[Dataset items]

• • • • • • •

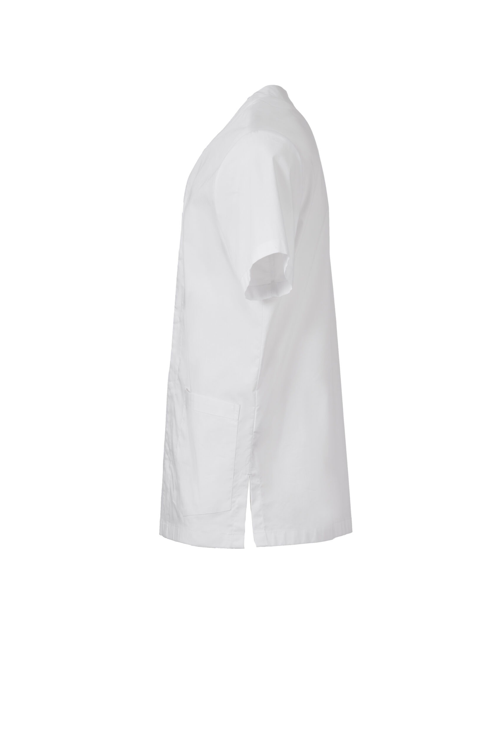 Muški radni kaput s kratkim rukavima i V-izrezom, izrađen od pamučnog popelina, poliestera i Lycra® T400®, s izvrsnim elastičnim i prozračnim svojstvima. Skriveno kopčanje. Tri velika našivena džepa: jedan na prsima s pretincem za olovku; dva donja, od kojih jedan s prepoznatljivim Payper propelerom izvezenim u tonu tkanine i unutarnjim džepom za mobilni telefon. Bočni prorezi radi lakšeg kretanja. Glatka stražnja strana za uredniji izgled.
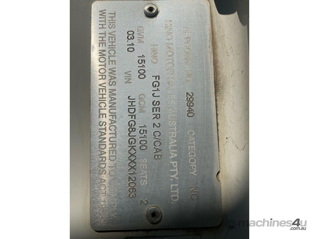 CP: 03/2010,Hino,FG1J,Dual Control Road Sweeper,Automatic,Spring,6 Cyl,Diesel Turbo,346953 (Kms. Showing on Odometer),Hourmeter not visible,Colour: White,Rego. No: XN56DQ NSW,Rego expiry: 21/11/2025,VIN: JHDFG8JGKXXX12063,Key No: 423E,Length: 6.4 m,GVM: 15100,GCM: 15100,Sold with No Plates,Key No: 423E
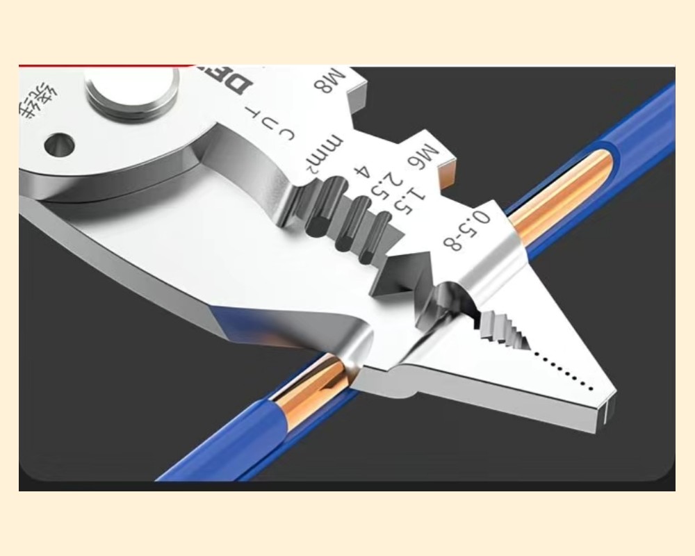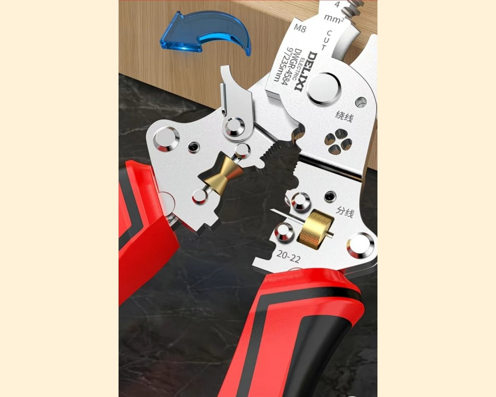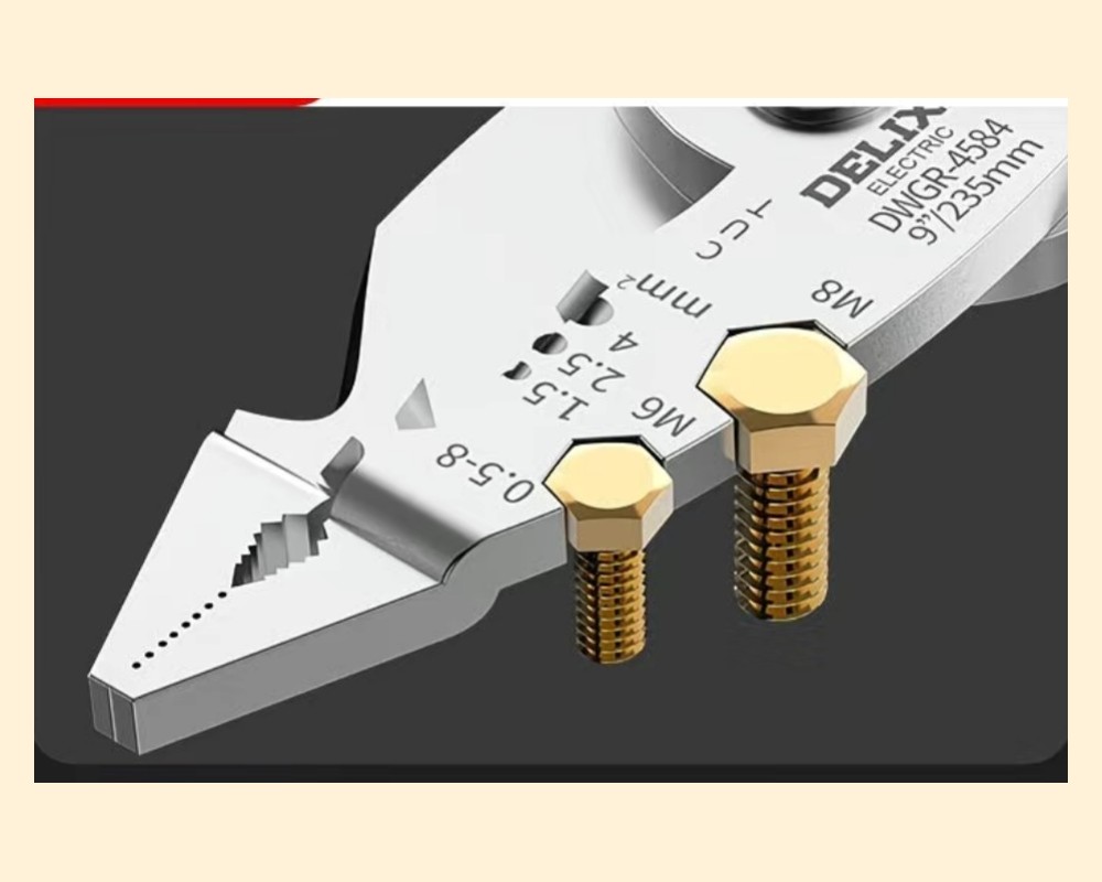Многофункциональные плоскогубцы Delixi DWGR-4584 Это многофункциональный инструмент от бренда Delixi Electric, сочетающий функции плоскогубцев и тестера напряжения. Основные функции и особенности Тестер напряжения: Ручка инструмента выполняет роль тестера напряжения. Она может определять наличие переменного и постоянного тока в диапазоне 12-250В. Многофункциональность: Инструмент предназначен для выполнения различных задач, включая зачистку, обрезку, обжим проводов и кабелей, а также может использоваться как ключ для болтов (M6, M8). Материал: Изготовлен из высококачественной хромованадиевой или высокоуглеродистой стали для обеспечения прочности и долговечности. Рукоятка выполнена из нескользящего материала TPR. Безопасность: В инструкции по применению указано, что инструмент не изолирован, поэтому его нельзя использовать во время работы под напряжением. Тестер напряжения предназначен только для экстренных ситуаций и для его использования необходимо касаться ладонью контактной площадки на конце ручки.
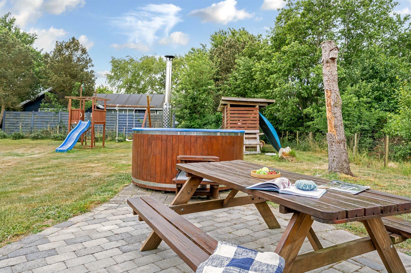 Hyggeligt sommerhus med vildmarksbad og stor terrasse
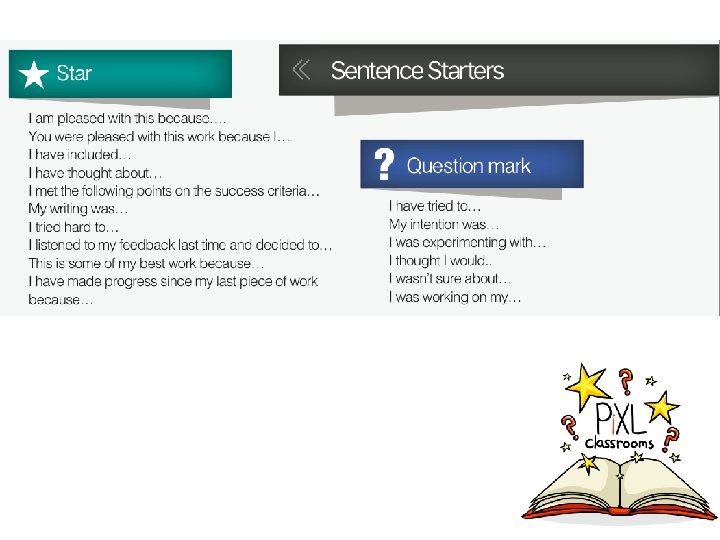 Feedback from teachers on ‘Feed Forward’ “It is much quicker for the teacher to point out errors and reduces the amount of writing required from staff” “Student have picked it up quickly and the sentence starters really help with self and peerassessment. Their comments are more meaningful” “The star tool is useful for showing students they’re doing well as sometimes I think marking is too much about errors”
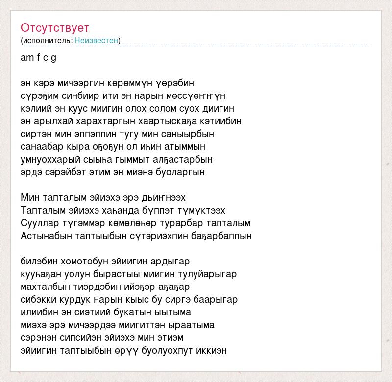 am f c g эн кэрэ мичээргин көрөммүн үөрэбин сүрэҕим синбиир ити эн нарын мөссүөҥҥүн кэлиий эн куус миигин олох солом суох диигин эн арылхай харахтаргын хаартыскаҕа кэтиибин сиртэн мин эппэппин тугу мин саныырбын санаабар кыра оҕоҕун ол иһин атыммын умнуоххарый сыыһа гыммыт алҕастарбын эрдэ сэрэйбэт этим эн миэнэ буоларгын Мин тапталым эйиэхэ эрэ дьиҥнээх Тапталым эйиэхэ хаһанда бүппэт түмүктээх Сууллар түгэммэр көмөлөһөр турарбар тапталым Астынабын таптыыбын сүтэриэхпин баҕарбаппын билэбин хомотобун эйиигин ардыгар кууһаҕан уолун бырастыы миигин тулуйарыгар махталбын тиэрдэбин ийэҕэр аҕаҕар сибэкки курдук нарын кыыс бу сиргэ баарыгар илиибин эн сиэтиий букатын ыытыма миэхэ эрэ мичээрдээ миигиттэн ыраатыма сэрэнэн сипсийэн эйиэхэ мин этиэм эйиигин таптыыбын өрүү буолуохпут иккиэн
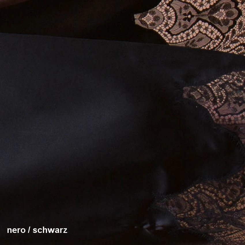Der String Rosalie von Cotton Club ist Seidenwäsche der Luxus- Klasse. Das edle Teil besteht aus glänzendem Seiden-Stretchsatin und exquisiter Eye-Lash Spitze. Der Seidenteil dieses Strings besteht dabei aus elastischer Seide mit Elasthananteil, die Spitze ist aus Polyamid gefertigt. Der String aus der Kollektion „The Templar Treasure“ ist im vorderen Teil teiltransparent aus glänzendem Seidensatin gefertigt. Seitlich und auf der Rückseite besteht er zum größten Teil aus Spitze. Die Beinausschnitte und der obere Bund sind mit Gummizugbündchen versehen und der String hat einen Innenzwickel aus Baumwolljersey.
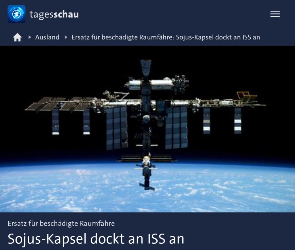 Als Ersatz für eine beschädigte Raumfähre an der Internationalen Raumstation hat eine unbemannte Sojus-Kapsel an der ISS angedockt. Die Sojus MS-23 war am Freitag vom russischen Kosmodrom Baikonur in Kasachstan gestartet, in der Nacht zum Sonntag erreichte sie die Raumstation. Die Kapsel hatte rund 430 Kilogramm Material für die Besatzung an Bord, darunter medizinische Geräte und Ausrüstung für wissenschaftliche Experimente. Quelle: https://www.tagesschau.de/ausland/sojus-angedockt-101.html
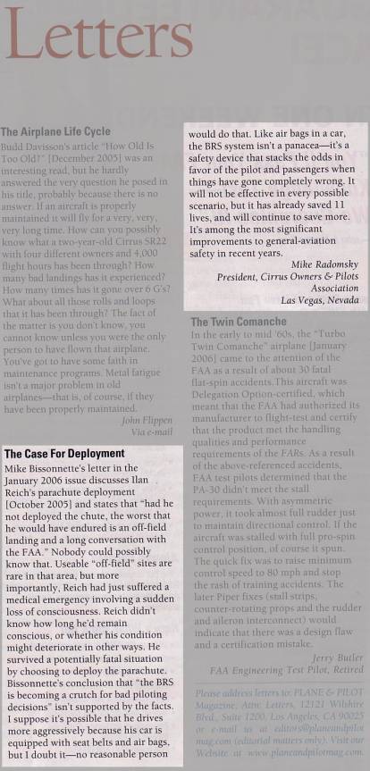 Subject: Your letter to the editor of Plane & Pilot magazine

• • • • • • •

__Your instructions__: Above are some entries; copy exactly the lines from the line with "Многофункциональные плоскогубцы Delixi" through the line with "Feedback from teachers", both included, but none of the pictures.

__Response__:
Многофункциональные плоскогубцы Delixi DWGR-4584 Это многофункциональный инструмент от бренда Delixi Electric, сочетающий функции плоскогубцев и тестера напряжения. Основные функции и особенности Тестер напряжения: Ручка инструмента выполняет роль тестера напряжения. Она может определять наличие переменного и постоянного тока в диапазоне 12-250В. Многофункциональность: Инструмент предназначен для выполнения различных задач, включая зачистку, обрезку, обжим проводов и кабелей, а также может использоваться как ключ для болтов (M6, M8). Материал: Изготовлен из высококачественной хромованадиевой или высокоуглеродистой стали для обеспечения прочности и долговечности. Рукоятка выполнена из нескользящего материала TPR. Безопасность: В инструкции по применению указано, что инструмент не изолирован, поэтому его нельзя использовать во время работы под напряжением. Тестер напряжения предназначен только для экстренных ситуаций и для его использования необходимо касаться ладонью контактной площадки на конце ручки.
 Hyggeligt sommerhus med vildmarksbad og stor terrasse
 Feedback from teachers on ‘Feed Forward’ “It is much quicker for the teacher to point out errors and reduces the amount of writing required from staff” “Student have picked it up quickly and the sentence starters really help with self and peerassessment. Their comments are more meaningful” “The star tool is useful for showing students they’re doing well as sometimes I think marking is too much about errors”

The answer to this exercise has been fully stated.